I feel disappointed in Mandriva 2010. There is not much difference between 2010 and 2009. If you run PCLinuxOS you can tell the difference right away. The same with Fedora Core and Ubuntu 10.04. The Powerpack is like 60 dollars too. Granted you are paying for Proprietary Codecs and DVD playback preinstalled but that is what the GStreamer Codecs are for. The Proprietary Blend is Fluendo.


----------



## Easy Rhino (Apr 19, 2010)

i have never gotten into mandriva. ubuntu and fedora are really my flavors of choice. the rest just seem bleh.


----------



## Killer_Rubber_Ducky (Apr 20, 2010)

Easy Rhino said:


> i have never gotten into mandriva. ubuntu and fedora are really my flavors of choice. the rest just seem bleh.



I actually tend to recommend either Linux Mint 8 or PCLinuxOS to people who want a "get up and go" set up


----------



## Easy Rhino (Apr 20, 2010)

Killer_Rubber_Ducky said:


> I actually tend to recommend either Linux Mint 8 or PCLinuxOS to people who want a "get up and go" set up



i hear a lot of good things about mint. it is essentially a stripped down version of ubuntu, right?


----------



## Killer_Rubber_Ducky (Apr 21, 2010)

Easy Rhino said:


> i hear a lot of good things about mint. it is essentially a stripped down version of ubuntu, right?

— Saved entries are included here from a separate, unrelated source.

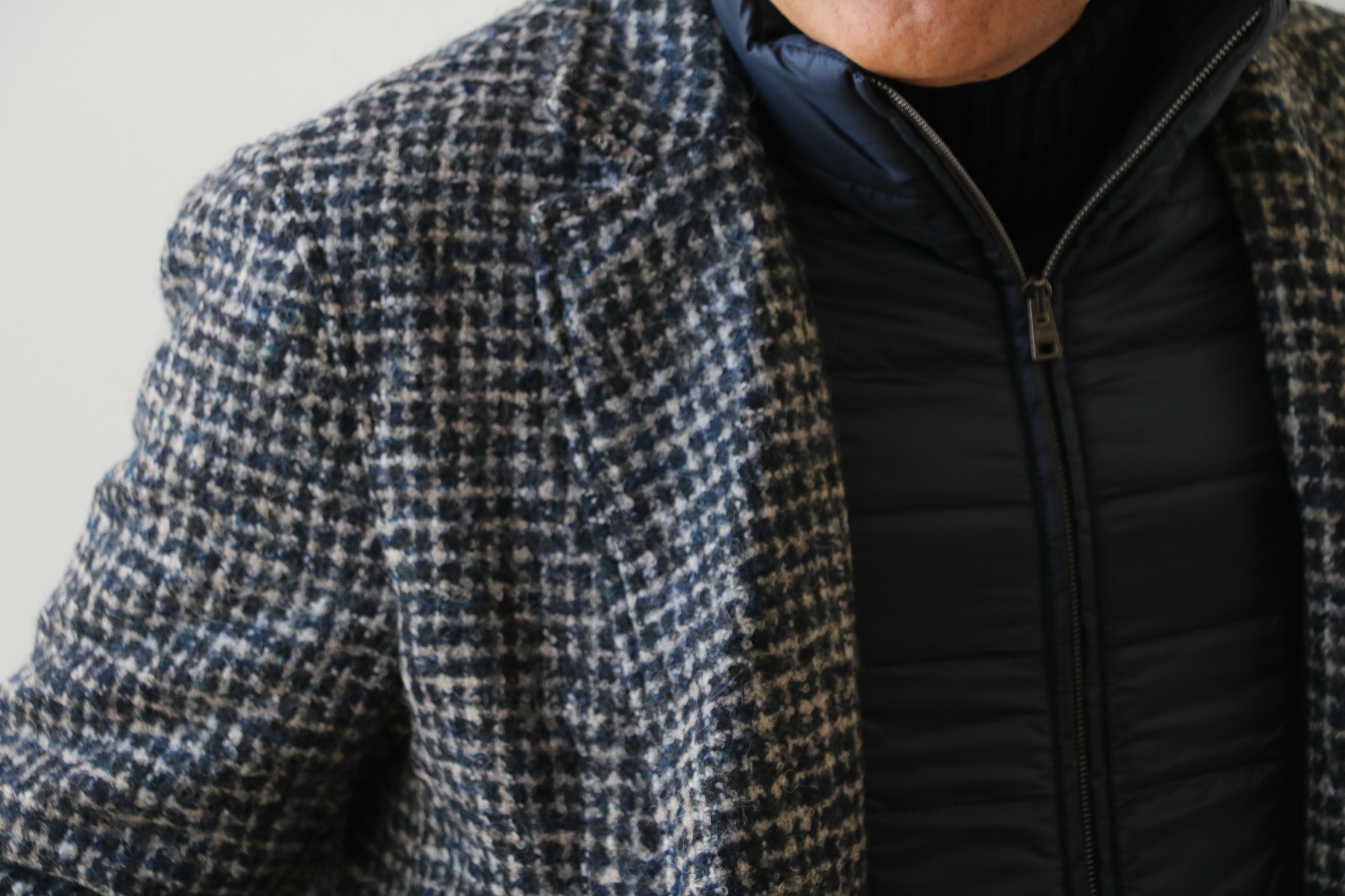 ウール・ナイロン・アルパカ・モヘア・その他と賑やかな素材で作られたチェック柄は、表情豊かです。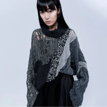 Upcycled contour line inspired oversized beaded sweater, upcycled from headstock sweater is one of a kind.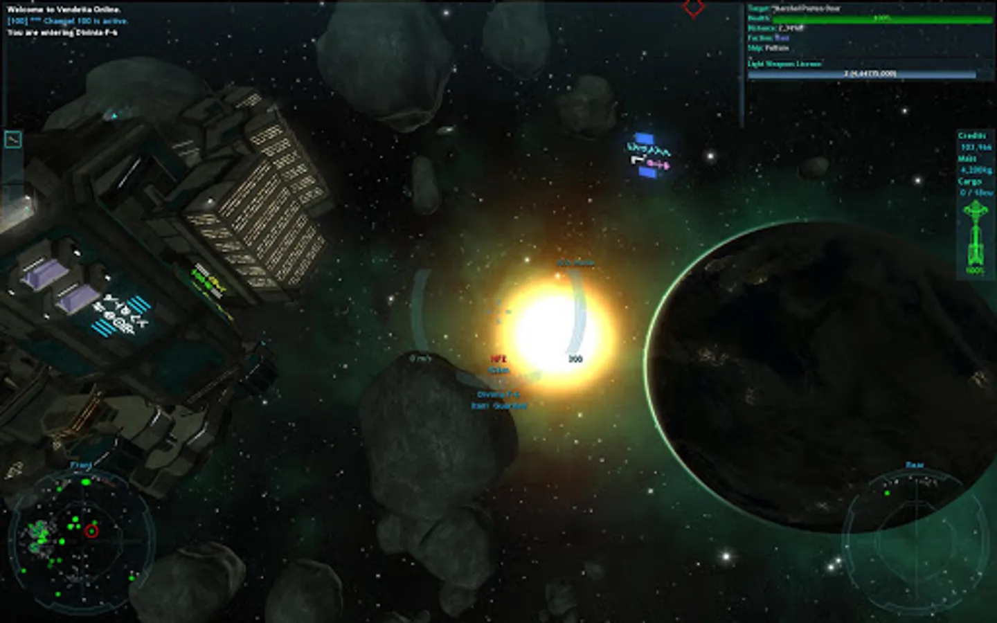 Vendetta Online is a free, graphically intensive and cross-platform MMORPG set in space. Players take the role of spaceship pilots in a vast, persistent online galaxy. Trade between stations and build an empire, or pirate traders who dare to pursue routes through areas of lawless space. Fight other players, or cooperate with friends to push back the mysterious Hive. Mine ores and minerals, gather resources, and craft unusual items. Join the military of your nation, and participate in massive online battles (see the trailer). A wide variety of gameplay styles are available, from the the intensity of huge battles and realtime PvP, to the low-key enjoyment of quiet trading and mining in less dangerous areas of the galaxy. Play the style of game that suits you, or that suits your current mood. The availability of relatively casual and short-term goals allows for fun when only a little time is available to play.

yes and no. It is a version of ubuntu with a different interface and most codecs and proprietary program preinstalled. It also has a very straight forward but user friendly feel.


----------



## monte84 (Apr 24, 2010)

never cared much for RPM package system :x


----------



## Killer_Rubber_Ducky (Apr 25, 2010)

monte84 said:


> never cared much for RPM package system :x



ditto, i found RPM package system to be too slow. It was always waiting for something else to finish, but what, we never knew.


----------



## DRDNA (Apr 25, 2010)

is it core optimized?


----------



## regexorcist (Apr 26, 2010)

Killer_Rubber_Ducky said:


> ditto, i found RPM package system to be too slow. It was always waiting for something else to finish, but what, we never knew.



The irony of calling a binary package system slow. 
Running a source based system will change your mind about rpm.

urpmi seems to be solid http://wiki.mandriva.com/en/Tools/urpmi


----------



## Killer_Rubber_Ducky (Apr 26, 2010)

regexorcist said:


> The irony of calling a binary package system slow.
> Running a source based system will change your mind about rpm.
> 
> urpmi seems to be solid http://wiki.mandriva.com/en/Tools/urpmi



ah but im not referring to terminal clients. besides, the only distro i can think of that is speedy rpm is pclinuxos


----------